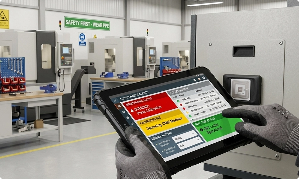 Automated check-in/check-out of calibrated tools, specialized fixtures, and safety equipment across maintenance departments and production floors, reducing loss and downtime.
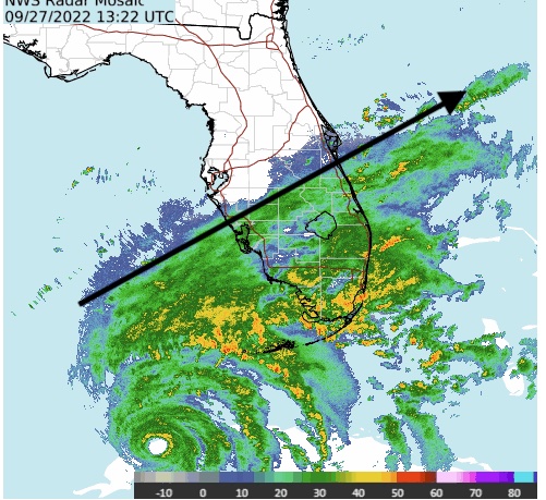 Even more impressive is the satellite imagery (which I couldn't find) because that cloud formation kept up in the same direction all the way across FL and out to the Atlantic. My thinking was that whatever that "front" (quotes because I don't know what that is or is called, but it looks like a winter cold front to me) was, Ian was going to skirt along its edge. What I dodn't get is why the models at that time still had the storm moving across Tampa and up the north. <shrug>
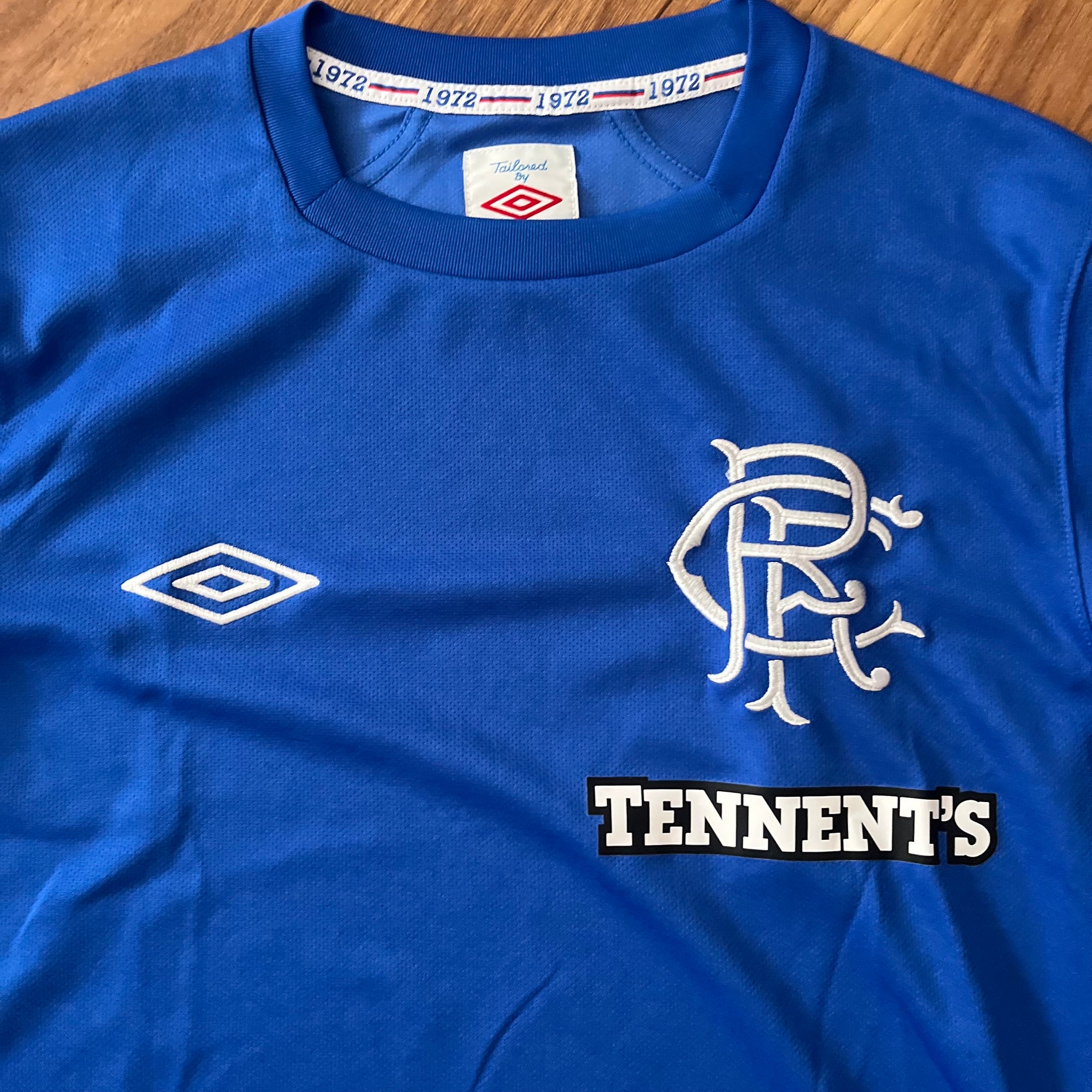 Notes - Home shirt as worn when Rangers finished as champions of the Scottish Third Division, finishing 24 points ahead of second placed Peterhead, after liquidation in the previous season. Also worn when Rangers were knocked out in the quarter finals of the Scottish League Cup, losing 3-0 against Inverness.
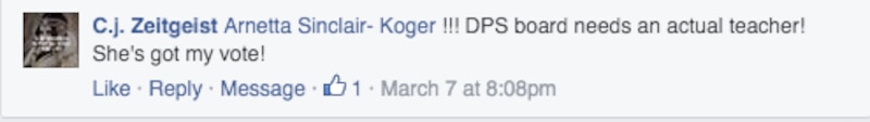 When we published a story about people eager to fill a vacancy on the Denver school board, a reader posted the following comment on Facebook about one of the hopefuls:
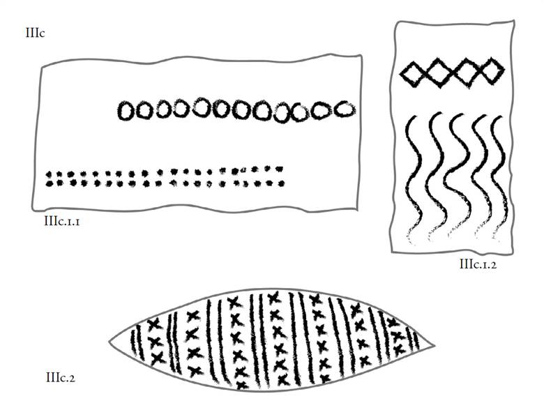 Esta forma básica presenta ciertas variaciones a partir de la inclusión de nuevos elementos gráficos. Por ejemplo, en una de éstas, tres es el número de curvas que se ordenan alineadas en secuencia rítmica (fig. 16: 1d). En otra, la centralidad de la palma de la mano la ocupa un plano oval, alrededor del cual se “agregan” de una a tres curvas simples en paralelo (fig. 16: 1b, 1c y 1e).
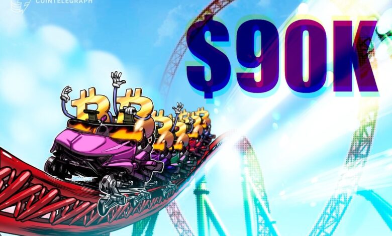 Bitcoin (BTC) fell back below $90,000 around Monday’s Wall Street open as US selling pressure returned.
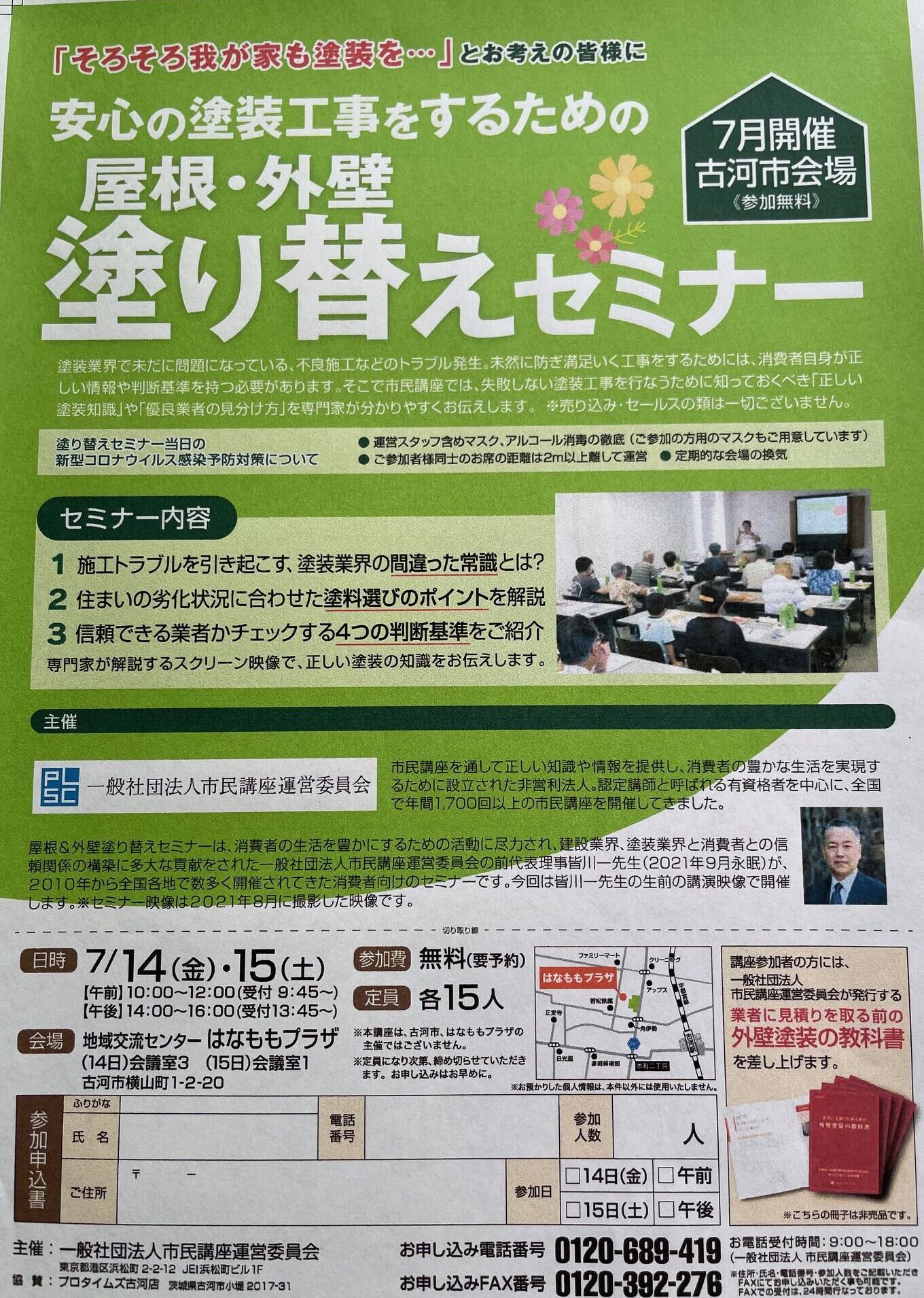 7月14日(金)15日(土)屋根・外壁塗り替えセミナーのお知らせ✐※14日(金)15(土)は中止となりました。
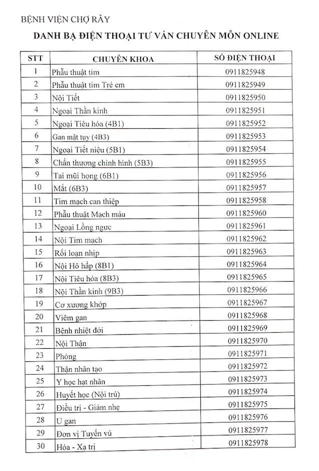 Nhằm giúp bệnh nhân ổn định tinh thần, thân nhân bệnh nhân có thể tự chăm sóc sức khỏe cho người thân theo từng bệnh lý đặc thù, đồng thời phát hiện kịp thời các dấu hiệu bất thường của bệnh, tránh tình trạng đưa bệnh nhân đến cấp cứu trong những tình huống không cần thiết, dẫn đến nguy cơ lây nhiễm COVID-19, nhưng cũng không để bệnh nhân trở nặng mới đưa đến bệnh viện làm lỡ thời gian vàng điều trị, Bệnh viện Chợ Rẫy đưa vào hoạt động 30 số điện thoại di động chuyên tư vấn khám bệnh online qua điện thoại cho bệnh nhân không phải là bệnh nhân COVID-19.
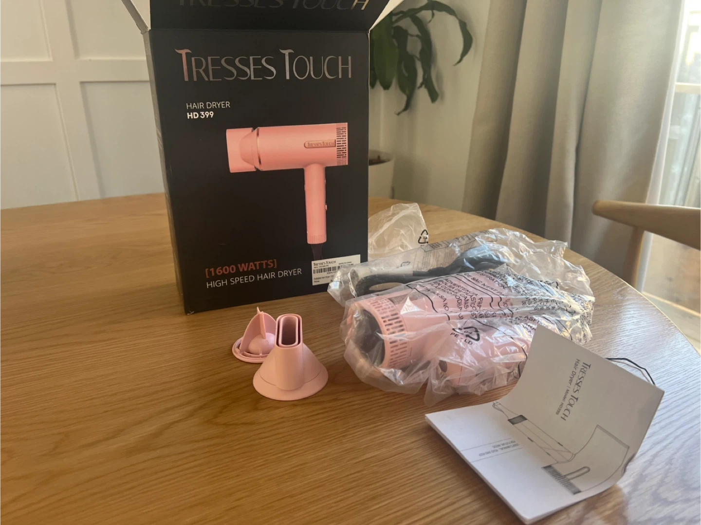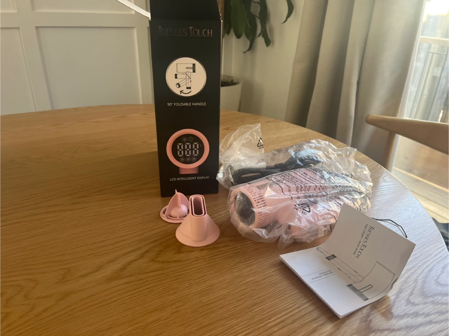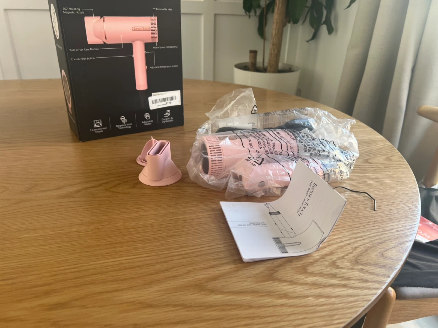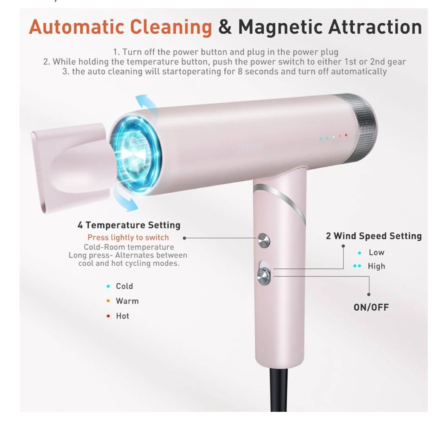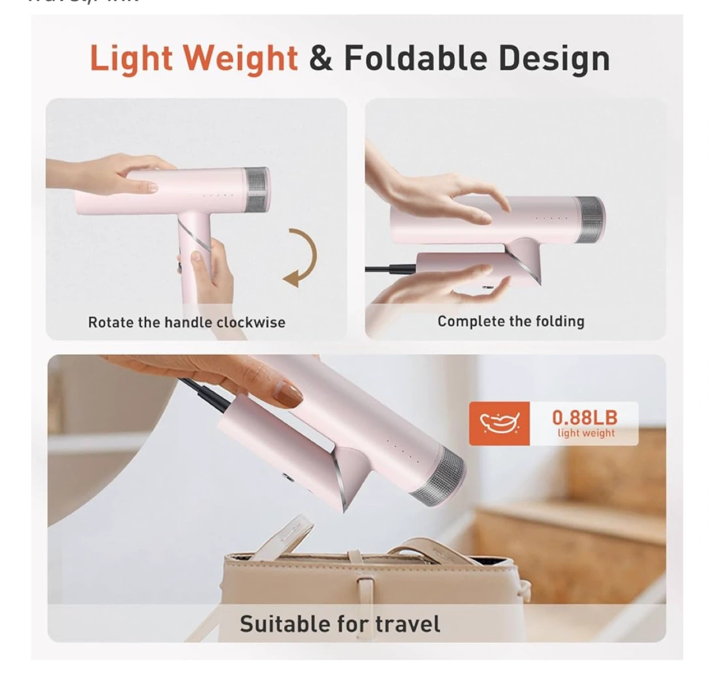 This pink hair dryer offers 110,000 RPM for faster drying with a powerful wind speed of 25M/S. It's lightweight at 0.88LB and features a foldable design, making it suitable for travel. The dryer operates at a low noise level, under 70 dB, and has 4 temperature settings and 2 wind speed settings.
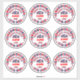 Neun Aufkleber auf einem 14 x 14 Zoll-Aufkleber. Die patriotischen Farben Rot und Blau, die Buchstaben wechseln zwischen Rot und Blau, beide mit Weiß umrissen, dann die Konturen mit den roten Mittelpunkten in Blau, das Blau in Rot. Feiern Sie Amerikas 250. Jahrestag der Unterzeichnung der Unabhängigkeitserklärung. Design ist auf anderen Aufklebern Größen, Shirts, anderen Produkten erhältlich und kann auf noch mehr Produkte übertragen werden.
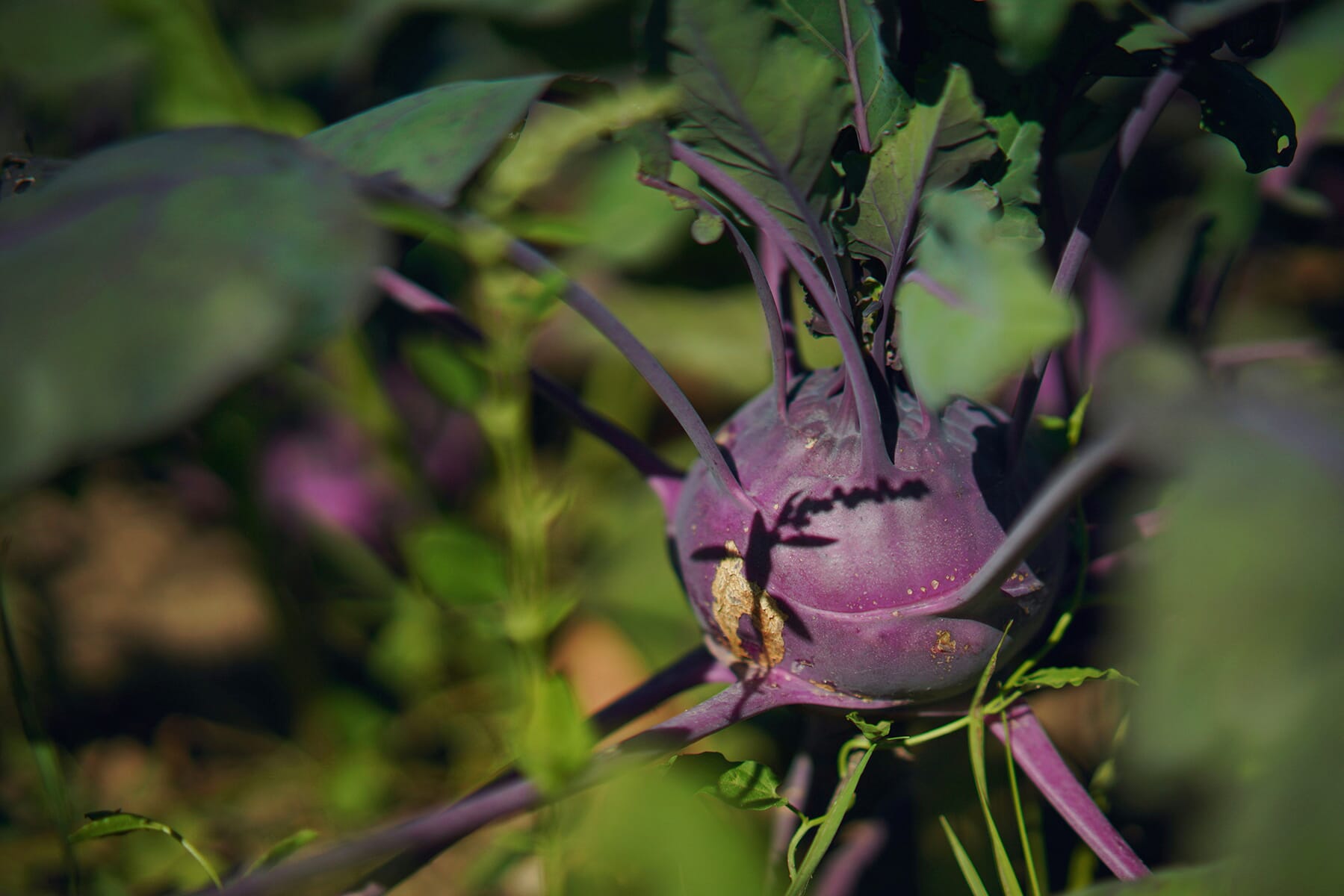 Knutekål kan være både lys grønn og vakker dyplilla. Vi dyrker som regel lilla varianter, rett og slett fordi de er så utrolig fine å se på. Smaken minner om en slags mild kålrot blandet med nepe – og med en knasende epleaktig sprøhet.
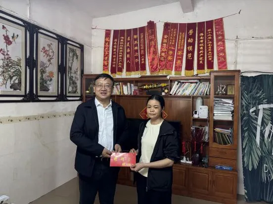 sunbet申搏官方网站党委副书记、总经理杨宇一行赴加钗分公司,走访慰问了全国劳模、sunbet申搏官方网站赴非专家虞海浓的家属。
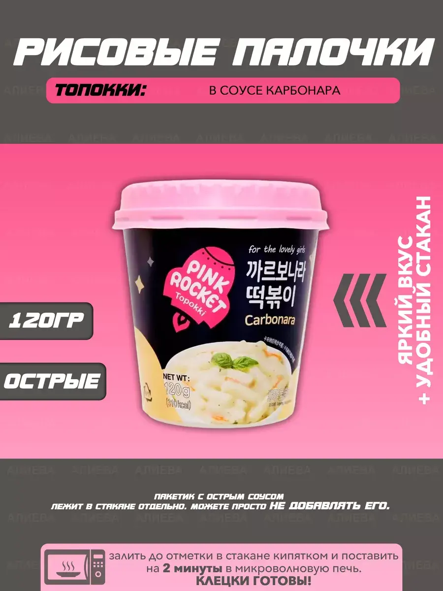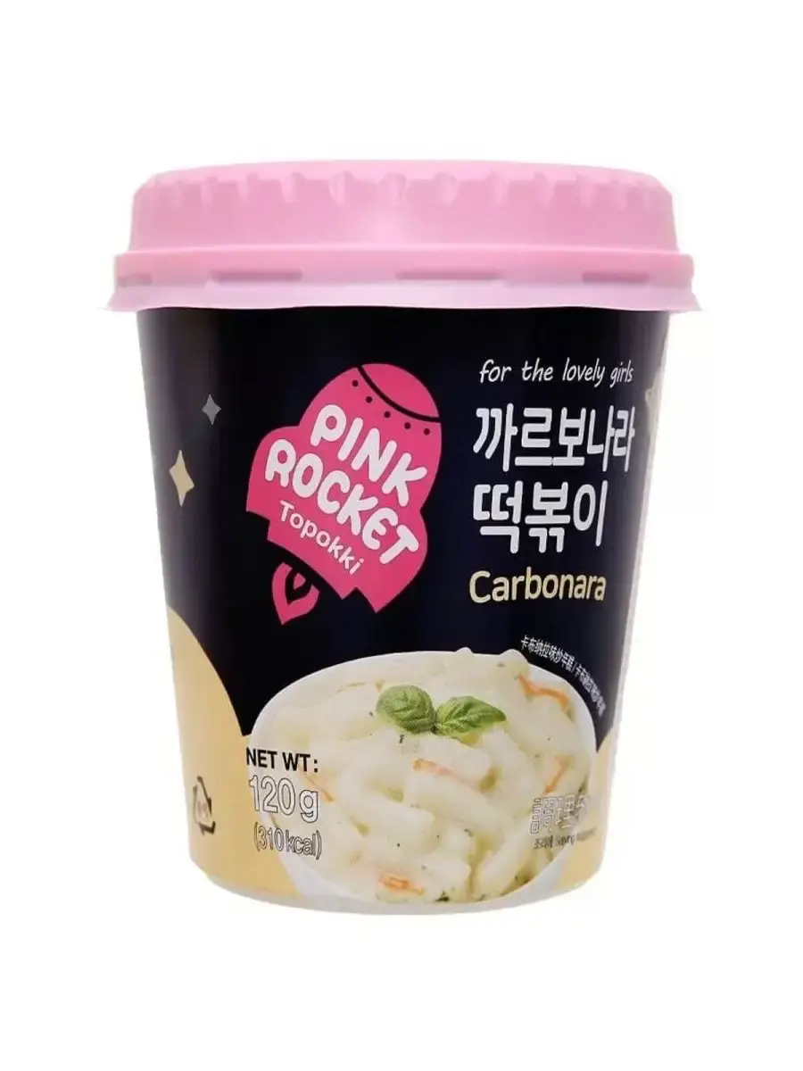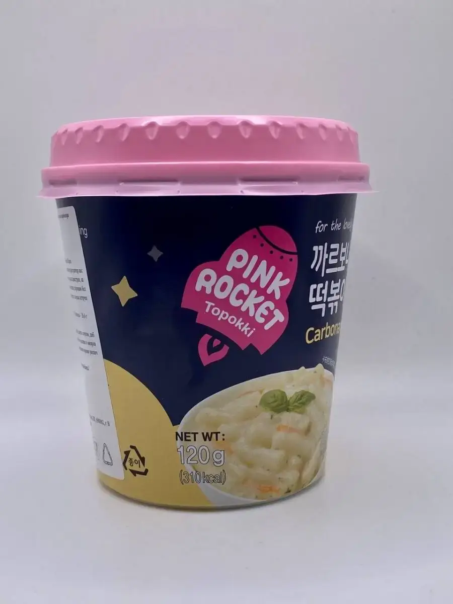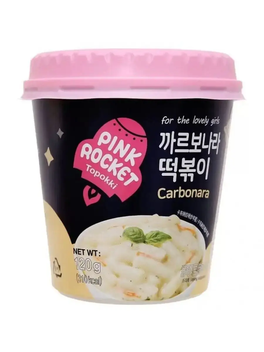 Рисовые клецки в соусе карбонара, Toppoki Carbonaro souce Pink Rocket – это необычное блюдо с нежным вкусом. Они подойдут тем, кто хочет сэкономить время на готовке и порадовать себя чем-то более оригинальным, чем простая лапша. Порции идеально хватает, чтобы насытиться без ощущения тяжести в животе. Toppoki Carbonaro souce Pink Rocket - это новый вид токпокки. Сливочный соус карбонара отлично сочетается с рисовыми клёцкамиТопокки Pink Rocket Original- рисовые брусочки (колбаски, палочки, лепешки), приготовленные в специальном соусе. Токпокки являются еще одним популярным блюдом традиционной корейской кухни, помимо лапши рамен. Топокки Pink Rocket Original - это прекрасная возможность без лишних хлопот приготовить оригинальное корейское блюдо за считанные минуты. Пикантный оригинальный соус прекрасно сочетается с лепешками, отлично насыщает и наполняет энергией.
....................
• _Problem details_: Copy nothing but the lines above that run from the one with "Bitcoin (BTC) fell" to the one with "7月14日(金)15日(土)", ends included; pictures stay out.

• _Written response_:
 Bitcoin (BTC) fell back below $90,000 around Monday’s Wall Street open as US selling pressure returned.
 7月14日(金)15日(土)屋根・外壁塗り替えセミナーのお知らせ✐※14日(金)15(土)は中止となりました。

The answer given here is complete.